Port Ryerse residents are organizing themselves to test a new legal question related to the development of wind farms.
Eight property owners have lent their names to a lawsuit seeking damages for property devaluation arising from the UDI Renewables proposal in the hamlet west of Port Dover.
The residents – members of Norfolk Wind Concerns – are preparing the lawsuit with the help of Toronto environmental lawyer Eric Gillespie.
The lawsuit will cite UDI Renewables and the four farmers who have leased land to the green energy company for causing property values to fall in the vicinity of the project. The paperwork will be filed at a courthouse either in Toronto or Norfolk within two weeks.
Heather Walters of Port Ryerse, spokesperson for Norfolk Wind Concerns, said everyone in the hamlet knows what’s coming. NWC circulated a letter in the community several weeks ago seeking interest in a lawsuit related to depreciated property values. Eight property owners are onside while others are considering whether to join.
“We’re not doing this secretly,” Walters said. “We didn’t ask for this fight. People in this village are prepared to stand up for their rights.

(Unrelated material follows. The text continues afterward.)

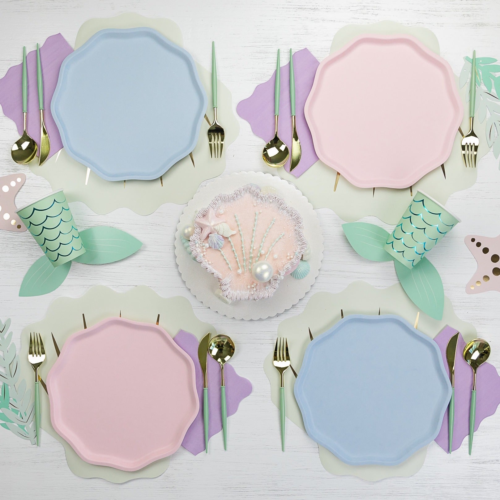For tableware, we recommend these magical watercolor clam shell plates and matching placemats. Or, you can experiment with iridescents and layer a shimmery shell plate with a scalloped blue or pink plate. Either way, don’t forget to complete each place setting with a mermaid party cup and a shiny set of cutlery!

We hope this makes farmers reconsider these things; at least reconsider until they speak to their neighbours about them.”
The action follows in the footsteps of a lawsuit that was launched several months ago in the Collingwood area. It too is based on the allegation that wind turbines lower surrounding property values.

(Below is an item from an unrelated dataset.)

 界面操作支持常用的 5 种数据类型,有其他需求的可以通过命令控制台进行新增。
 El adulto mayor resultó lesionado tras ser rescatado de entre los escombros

Walters says the question is ready to go to court because real estate data in 85 communities across Ontario has accumulated which suggest wind farms consistently depress property values wherever they are situated. The information NWC has suggests the impact is between 35 and 48% to the downside.
The wind farm industry disputes the claim.

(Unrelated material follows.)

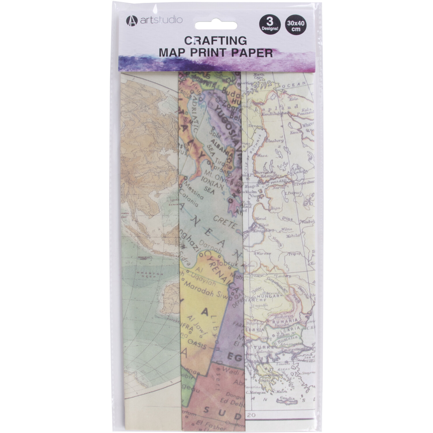 Great for those who love travel or geography, this Art Studio Crafting Map Print Paper makes a wonderful addition to your papercraft project. Perfect for decoupage, scrapbooking and more, there are three designs included in this versatile set.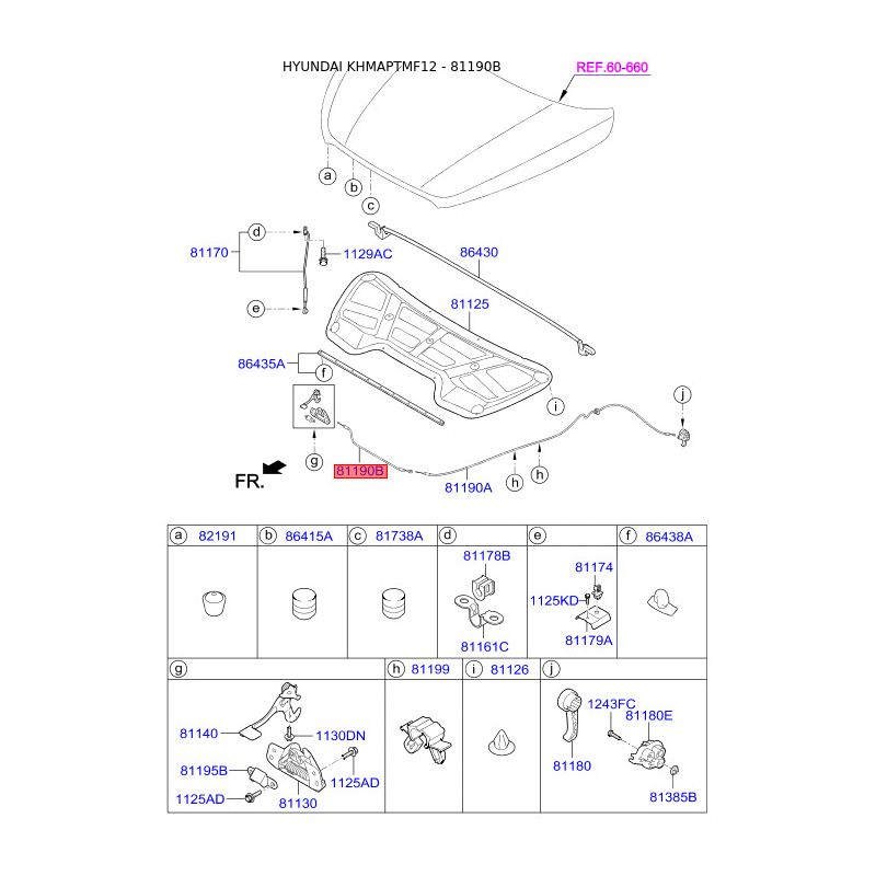 Тросик замку капота 81190-2S100 Mobis

On its website, the Canadian Wind Energy Association cites an American study that found that a 240-turbine project in Illinois did depress property values at the outset. However, the value of this real estate rebounded to previous levels after the project was built.
As well, a CanWEA Property Value Study concerning the establishment of wind farms in Chatham-Kent concluded that “there is no statistical evidence to demonstrate that wind farms negatively affect rural residential market values.”
The UDI proposal in Port Ryerse consists of four turbines producing a maximum output of 10 megawatts. The project remains in the public consultation phase. It has not received the green light from the Ministry of the Environment.
Stantec Consulting of Guelph is preparing a series of reports related to UDI’s construction and operations plan. Reports are also forthcoming related to environmental impact and monitoring. Uwe Sandner, president of UDI Recyclables, said Friday that further details should be available within four weeks.
UDI staged an open house in Port Dover last November. A second open house will be held in late January or early February. A time and location have yet to be announced.
Eric Gillespie recently represented Haldimand Wind Concerns at a hearing into the Summerhaven wind project near Jarvis before the Ontario Environmental Review Tribunal.
Gillespie continues to represent HWC at the review tribunal with regard to the Capital Power wind farm proposal in southwest Haldimand and southeast Norfolk and the Samsung wind proposal in east Haldimand.